Who was beaten by the Mayor’s men.
But who wouldn’t have been beaten if she hadn’t had to speak for Mistress Coyle.
But who was beaten even though the Mayor said she wouldn’t be hurt.
Can we count on you?
And it wasn’t signed with a name.
It just said, The Answer.
And Answer was spelled with a bright blue A.
[TODD]
BOOM!
– and the sky tears open behind us and a rush of wind comes up the road and Angharrad rears back in terror and I tumble off her to the ground and there’s dust and screaming and a throbbing in my ears as I lay there and wait to see if I’m dead or not.
Another bomb. The third this week since the first two. Not two hundred metres away from us this time.
“Bitches,” I hear Davy spit, getting to his own feet and looking back down the road.
My ears are ringing and my body’s shaking as I get to my feet. The bombs’ve come at different times of day and night, at different spots in the city. Once it was an aqueduct that fed water to the western part of town, once it was the two main bridges to the farmlands north of the river. Today, it’s–
“That’s that caff,” Davy says, trying to stop Deadfall/Acorn from bolting. “Where the soldiers eat.”
He gets Deadfall to heel and climbs back up on the saddle. “Come on!” he barks. “We’ll go see if they need help.”
I put my hands on Angharrad who’s still frightened, still saying boy colt boy colt over and over again. I say her name a buncha times and finally get back up on her.
“Don’t you go getting no funny ideas,” Davy says. He takes out his pistol and points it at me. “You ain’t sposed to leave my sight.”
Cuz that’s also how life’s gone since the bombs started.
Davy with a gun on me, every waking minute of every waking day.

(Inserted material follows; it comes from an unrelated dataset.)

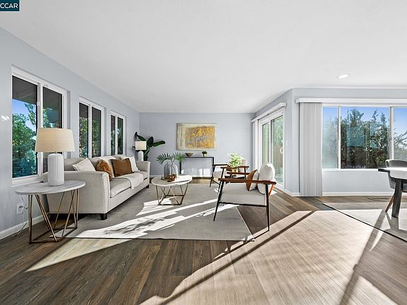 This stunning home offers Spectacular, Panoramic Views of the San Francisco Bay. A Must See location! Views from every room! The abundance of natural light highlights the spacious primary bedroom suite, and the new Gourmet Kitchen features top of the line appliances including a 36 inch professional duel fuel range perfect for culinary enthusiasts. The spacious kitchen opens to a family room with a natural stone, gas fireplace capable of heating the entire downstairs area. The kitchen and bathrooms feature luxurious quartz countertops and the laundry room is equipped with a new washer and dryer. The primary bath boasts a soaking tub and shower combo. The other two bathrooms feature extra large showers with zero thresholds. LVP flooring throughout looks and feels like wood but easier to clean and maintain. The Trex deck extends the length of the house providing ample space for entertaining, grilling, relaxing or enjoying the beautiful views. Walk to Greenridge park nearby and enjoy hiking trails, Lake Chabot and all the beauty this area offers. There's an easy commute from the 580 to the South bay, Fremont, Oakland and San Francisco. The highly rated schools greatly support education and the arts. With fresh paint and a beautifully landscaped front yard this home is move in ready!

So I can’t never go looking for her.
“The women certainly aren’t helping their own cause any,” says Mayor Ledger, mouth filled with chook.
I don’t say nothing, just eat my own dinner and field off the asking marks coming from his Noise. The caff was bombed at a time when it was closed, like everything else this Answer thing bombs, but just cuz it’s sposed to be empty don’t mean it always is. Davy and I found two dead soldiers when we got there and one other dead guy who probably mopped the floors or something. Three more soldiers have died in the other bombs.